◆ Exercise aim
A faithful copy of the data below is required, leaving out every picture.

◆ Task inputs
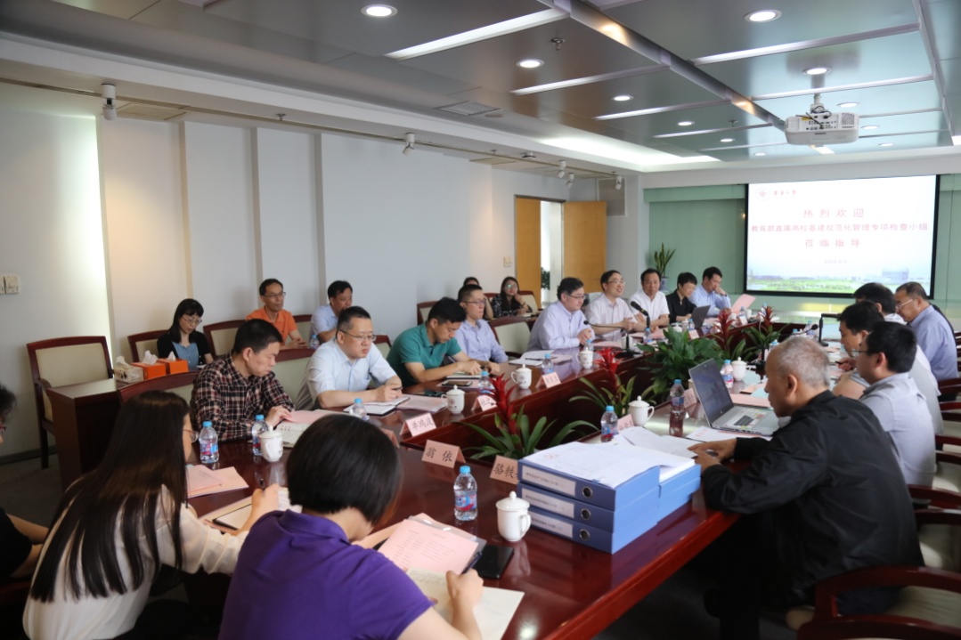 我校基建后勤处处长汤跃宁就我校在建项目规范化管理情况、申请2019年度中央预算内投资项目和“双一流”校内储备情况、“十三五”基本建设规划实施总体情况等向检查组作了汇报。
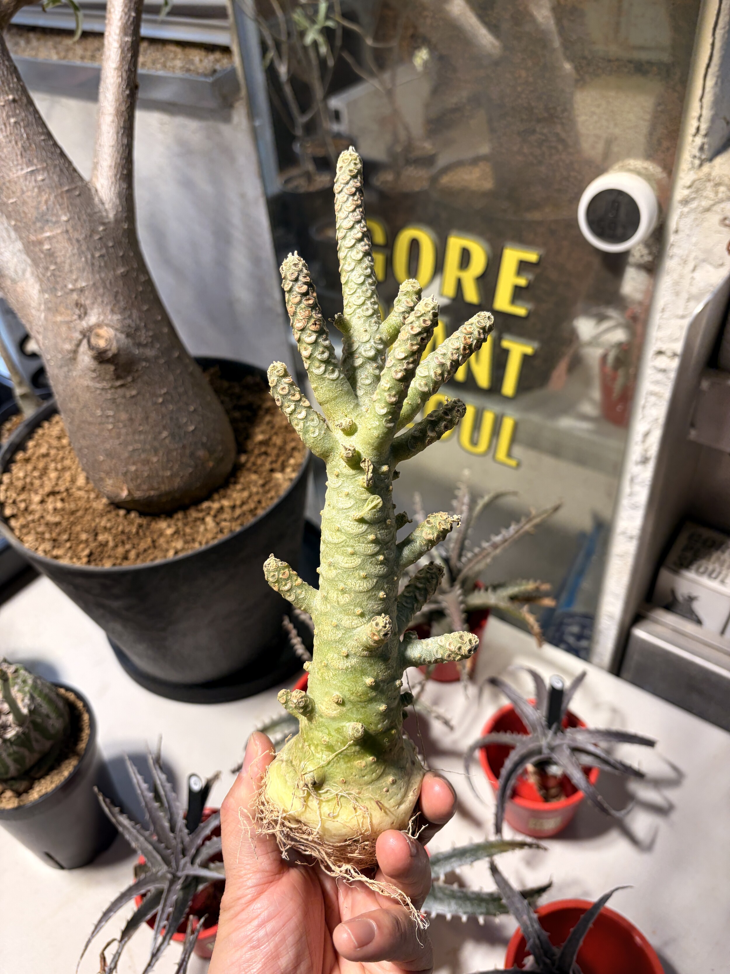 'Caudex' 식물들은 늦가을부터 자연스럽게 잎이 떨어집니다. (환경에 따라 잎이 지지 않을 수 있습니다.) 잎이 떨어지기 시작하면 서서히 물을 줄여나가며 휴면기인 겨울 동안에는 2-3주 1회 가볍게 분무 해주시면 됩니다.
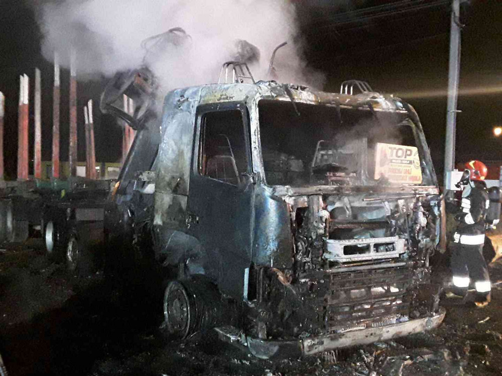 Dnes ráno shořel tahač se dřevem. Škoda jde do statisíců
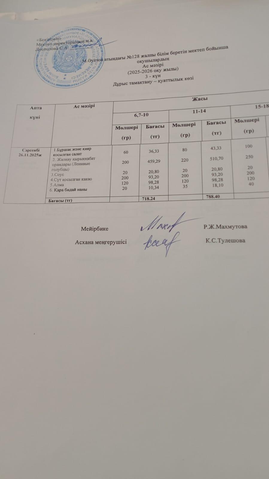 12 ноябрь 2025 Ас мәзірі 2 апта
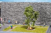 Model břízy o výšce 11,5 cm s kruhovou lavicí, která je postavena kolem stromu.
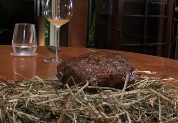 けっこう酔いも回ってきたころ、藁の上に乗っかった牛肉の塊が運ばれてきました。「ダボス牧場の短黒和牛です。無農薬で栄養価の高い牧草と発酵飼料を食べて育った健康で質の良い赤身肉だから肉の味が濃く旨味も強いです」とシェフ。
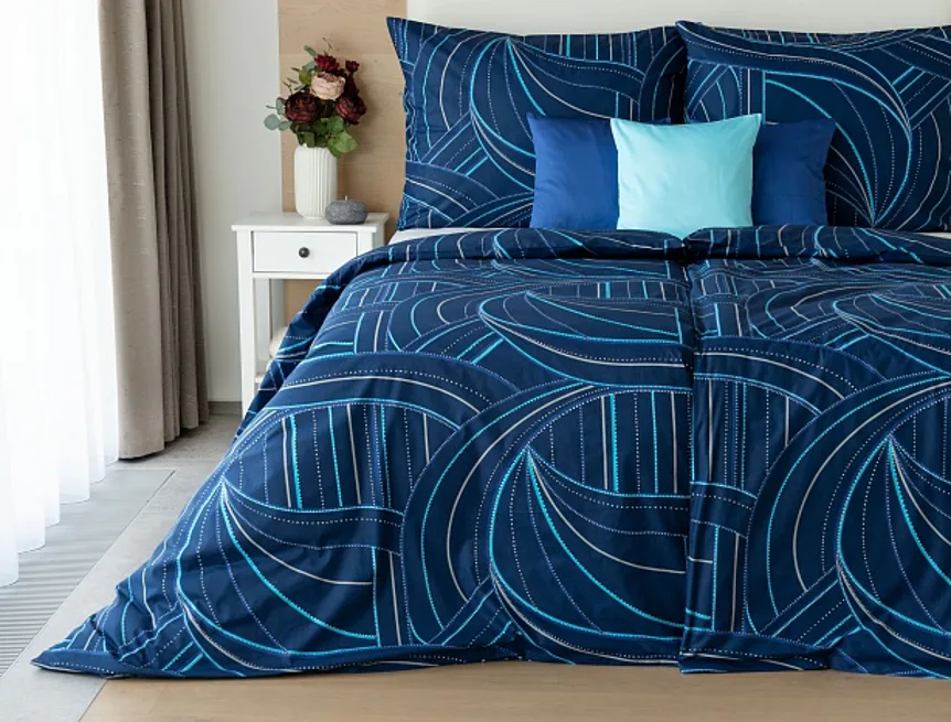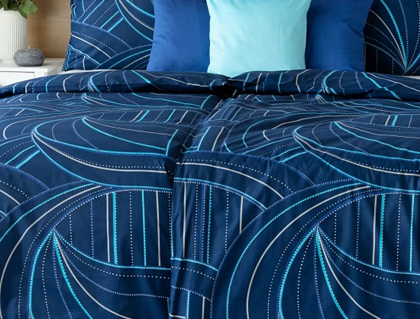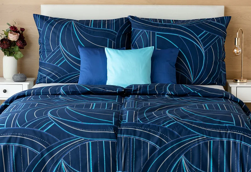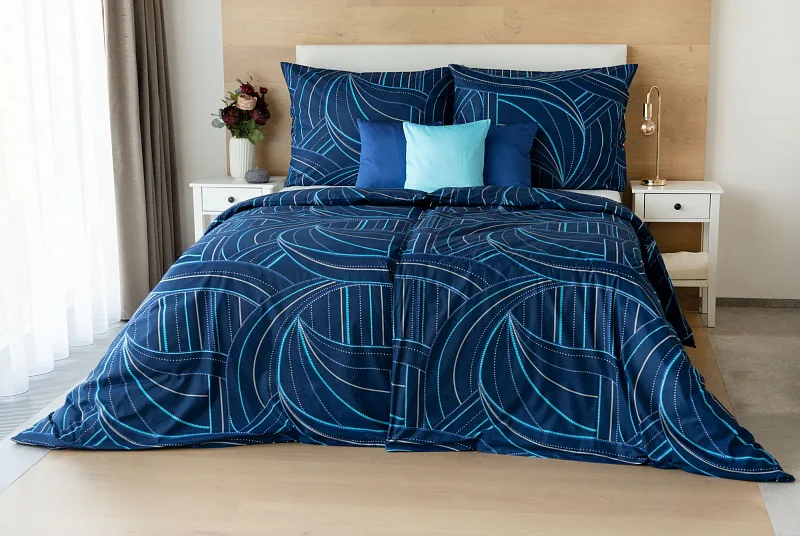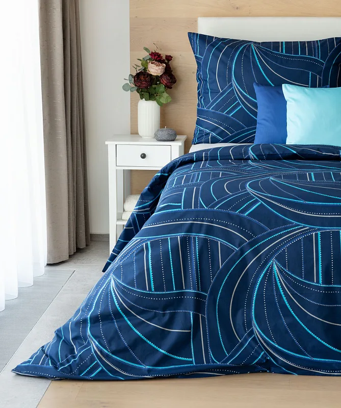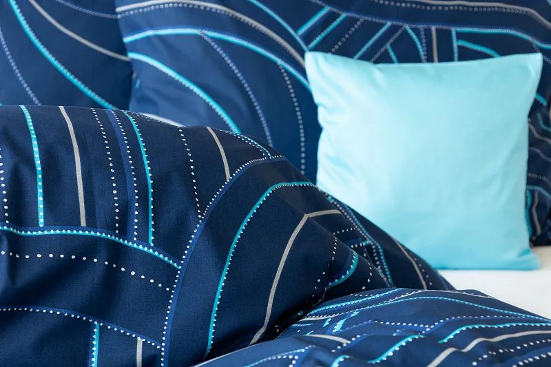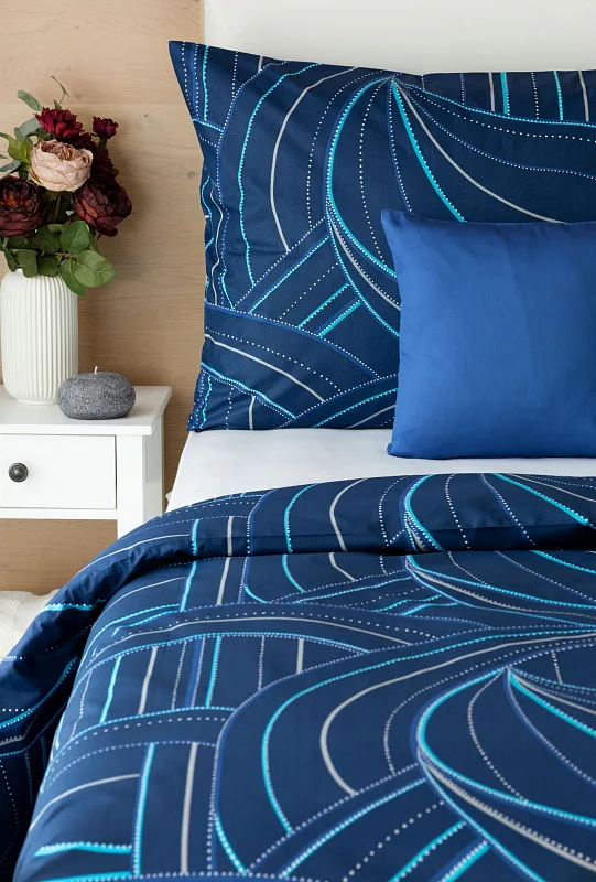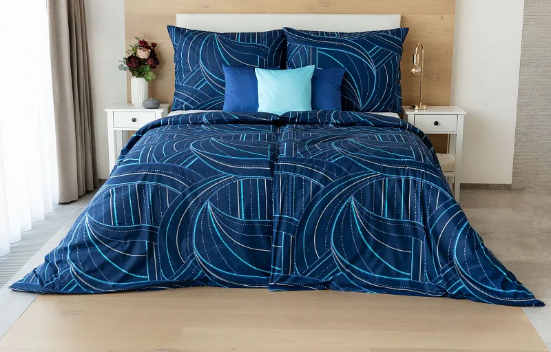 Bavlněné povlečení Ezio Blue s originálním geometrickým vzorem se stane ozdobou každého moderního interiéru. Podklad v tmavě modré barvě zdobí obrazce tvořené linkami v odstínech modré, tyrkysové a šedé. Plastičnost vzoru dokreslují jemné bílé tečky v konturách linek.

◆ Final answer
 我校基建后勤处处长汤跃宁就我校在建项目规范化管理情况、申请2019年度中央预算内投资项目和“双一流”校内储备情况、“十三五”基本建设规划实施总体情况等向检查组作了汇报。
 'Caudex' 식물들은 늦가을부터 자연스럽게 잎이 떨어집니다. (환경에 따라 잎이 지지 않을 수 있습니다.) 잎이 떨어지기 시작하면 서서히 물을 줄여나가며 휴면기인 겨울 동안에는 2-3주 1회 가볍게 분무 해주시면 됩니다.
 Dnes ráno shořel tahač se dřevem. Škoda jde do statisíců
 12 ноябрь 2025 Ас мәзірі 2 апта
 Model břízy o výšce 11,5 cm s kruhovou lavicí, která je postavena kolem stromu.
 けっこう酔いも回ってきたころ、藁の上に乗っかった牛肉の塊が運ばれてきました。「ダボス牧場の短黒和牛です。無農薬で栄養価の高い牧草と発酵飼料を食べて育った健康で質の良い赤身肉だから肉の味が濃く旨味も強いです」とシェフ。
 Bavlněné povlečení Ezio Blue s originálním geometrickým vzorem se stane ozdobou každého moderního interiéru. Podklad v tmavě modré barvě zdobí obrazce tvořené linkami v odstínech modré, tyrkysové a šedé. Plastičnost vzoru dokreslují jemné bílé tečky v konturách linek.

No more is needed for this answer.